Tuesday, January 24, 2012

Build-A-Bribe


"Are you here today for a birthday or special occasion?" asked the cheerful Build-A-Bear employee as she led us to the giant blowy stuffing machine.

Bribery.

Cassandra has had a slight eye turn problem for the past couple of years. It's not at all noticeable just by looking at her. We only see it when we bring a pencil slowly towards her nose, the way someone learns to cross their eyes. At a certain point close to her nose, one or both eyes give up and shoot in the opposite direction. This could be a horrible hindrance to her future, severely limiting her opportunities in the pencil-staring industry.

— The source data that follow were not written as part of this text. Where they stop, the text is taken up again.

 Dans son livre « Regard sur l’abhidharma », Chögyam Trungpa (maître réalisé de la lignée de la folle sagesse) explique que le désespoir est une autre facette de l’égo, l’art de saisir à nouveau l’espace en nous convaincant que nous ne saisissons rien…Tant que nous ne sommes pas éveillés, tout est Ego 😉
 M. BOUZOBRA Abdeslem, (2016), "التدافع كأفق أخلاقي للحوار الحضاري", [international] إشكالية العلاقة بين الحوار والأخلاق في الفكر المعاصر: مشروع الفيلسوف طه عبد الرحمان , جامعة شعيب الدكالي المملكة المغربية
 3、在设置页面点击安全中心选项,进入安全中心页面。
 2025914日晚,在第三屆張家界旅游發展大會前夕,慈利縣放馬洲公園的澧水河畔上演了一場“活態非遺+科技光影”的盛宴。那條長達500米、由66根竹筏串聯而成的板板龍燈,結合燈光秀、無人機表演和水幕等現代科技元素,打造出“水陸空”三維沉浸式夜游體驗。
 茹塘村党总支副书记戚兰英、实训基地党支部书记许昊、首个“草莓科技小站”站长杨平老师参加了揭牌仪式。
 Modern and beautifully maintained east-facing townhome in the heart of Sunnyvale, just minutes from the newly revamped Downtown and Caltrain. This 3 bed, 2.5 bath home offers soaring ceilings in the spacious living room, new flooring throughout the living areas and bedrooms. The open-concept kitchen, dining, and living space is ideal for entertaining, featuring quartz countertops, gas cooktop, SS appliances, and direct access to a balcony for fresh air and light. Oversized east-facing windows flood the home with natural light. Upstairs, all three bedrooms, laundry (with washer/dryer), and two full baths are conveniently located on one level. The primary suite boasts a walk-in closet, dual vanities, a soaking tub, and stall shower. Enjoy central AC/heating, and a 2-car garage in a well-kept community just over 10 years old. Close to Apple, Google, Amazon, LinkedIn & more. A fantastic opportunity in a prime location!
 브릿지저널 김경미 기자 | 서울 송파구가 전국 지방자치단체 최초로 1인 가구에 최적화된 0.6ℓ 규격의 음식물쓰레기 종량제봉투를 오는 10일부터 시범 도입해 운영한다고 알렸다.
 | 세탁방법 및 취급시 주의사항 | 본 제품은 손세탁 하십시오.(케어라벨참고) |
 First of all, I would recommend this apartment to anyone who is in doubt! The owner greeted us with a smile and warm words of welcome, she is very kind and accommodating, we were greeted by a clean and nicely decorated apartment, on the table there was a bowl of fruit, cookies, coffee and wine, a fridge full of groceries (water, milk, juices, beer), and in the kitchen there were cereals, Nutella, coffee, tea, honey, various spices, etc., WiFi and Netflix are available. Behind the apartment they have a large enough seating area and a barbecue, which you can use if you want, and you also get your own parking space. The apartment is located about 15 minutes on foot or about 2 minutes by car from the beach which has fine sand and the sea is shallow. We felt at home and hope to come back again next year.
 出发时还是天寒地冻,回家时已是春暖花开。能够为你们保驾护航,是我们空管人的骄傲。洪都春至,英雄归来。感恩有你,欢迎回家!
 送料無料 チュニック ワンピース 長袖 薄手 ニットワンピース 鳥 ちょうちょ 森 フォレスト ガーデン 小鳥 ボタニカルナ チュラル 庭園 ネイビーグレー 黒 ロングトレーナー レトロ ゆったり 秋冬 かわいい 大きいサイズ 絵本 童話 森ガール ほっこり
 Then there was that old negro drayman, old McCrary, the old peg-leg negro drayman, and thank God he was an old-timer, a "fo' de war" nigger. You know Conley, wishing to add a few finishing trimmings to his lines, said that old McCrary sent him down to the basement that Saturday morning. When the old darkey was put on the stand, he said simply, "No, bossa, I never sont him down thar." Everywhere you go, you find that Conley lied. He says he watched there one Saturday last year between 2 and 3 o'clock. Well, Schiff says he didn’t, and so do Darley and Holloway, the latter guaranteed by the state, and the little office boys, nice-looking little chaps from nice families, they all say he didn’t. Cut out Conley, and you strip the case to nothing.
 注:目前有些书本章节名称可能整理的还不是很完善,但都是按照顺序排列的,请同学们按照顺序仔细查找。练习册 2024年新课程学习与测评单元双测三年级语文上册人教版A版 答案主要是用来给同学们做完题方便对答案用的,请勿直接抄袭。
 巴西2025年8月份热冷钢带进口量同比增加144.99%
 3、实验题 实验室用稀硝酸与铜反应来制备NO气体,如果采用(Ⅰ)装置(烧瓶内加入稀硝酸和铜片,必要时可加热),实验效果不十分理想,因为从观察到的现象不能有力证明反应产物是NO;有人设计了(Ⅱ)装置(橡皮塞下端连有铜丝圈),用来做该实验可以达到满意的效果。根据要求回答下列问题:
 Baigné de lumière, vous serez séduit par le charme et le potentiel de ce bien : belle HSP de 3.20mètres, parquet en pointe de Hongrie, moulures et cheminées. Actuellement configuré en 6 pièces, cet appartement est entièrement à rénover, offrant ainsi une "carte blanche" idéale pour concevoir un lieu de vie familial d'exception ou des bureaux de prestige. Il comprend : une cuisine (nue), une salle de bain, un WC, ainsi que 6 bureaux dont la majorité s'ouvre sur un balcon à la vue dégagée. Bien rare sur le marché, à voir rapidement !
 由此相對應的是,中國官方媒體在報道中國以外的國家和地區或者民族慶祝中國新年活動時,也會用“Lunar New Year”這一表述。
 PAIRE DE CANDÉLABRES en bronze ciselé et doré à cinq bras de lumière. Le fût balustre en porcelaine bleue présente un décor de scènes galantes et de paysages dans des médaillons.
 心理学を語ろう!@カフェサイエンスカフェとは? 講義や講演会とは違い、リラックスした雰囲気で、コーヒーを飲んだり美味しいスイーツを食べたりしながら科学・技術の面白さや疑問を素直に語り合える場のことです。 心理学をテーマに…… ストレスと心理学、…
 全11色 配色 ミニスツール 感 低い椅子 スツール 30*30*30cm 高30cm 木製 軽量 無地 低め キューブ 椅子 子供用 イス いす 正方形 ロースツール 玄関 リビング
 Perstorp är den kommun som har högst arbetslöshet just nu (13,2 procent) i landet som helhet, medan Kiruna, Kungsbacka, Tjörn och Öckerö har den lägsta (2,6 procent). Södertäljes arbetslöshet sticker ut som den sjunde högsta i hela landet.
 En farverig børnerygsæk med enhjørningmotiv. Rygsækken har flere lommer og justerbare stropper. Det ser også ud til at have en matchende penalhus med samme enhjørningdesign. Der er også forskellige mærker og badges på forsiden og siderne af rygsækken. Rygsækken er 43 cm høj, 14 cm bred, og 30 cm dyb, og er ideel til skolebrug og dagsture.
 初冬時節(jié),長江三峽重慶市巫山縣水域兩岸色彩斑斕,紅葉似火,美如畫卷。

Actually, it could cause problems with her reading ability, if gone unchecked. Something to do with her eyes converging on the page. So we have her in vision therapy, doing eye exercises on the computer. It was supposed to be weekly, and now we're back to four times a week. With homework, dance, gymnastics, and play dates there's never a good time to do these exercises. Therefore, it has become quite a struggle to get her to put much effort into them at all. (I have to admit that it's my wife bearing the lion's share of this burden.)

In an effort to keep Cassandra interested, we've turned to the tried-and-true parenting technique of bribery. She'd been asking for another trip to Build-A-Bear Workshop for a while, and I wondered if letting her pick out six or seven outfits along with a new friend would give her weekly incentives to do her eye exercises without complaining. A few weekends ago, we went and picked out a koala Cassandra had seen in the catalogue and accessorized with a box full of outfits. KiKi (inexplicably pronounced "kay-kay") was the reward for that first week of exercises, and she has since earned KiKi's glasses.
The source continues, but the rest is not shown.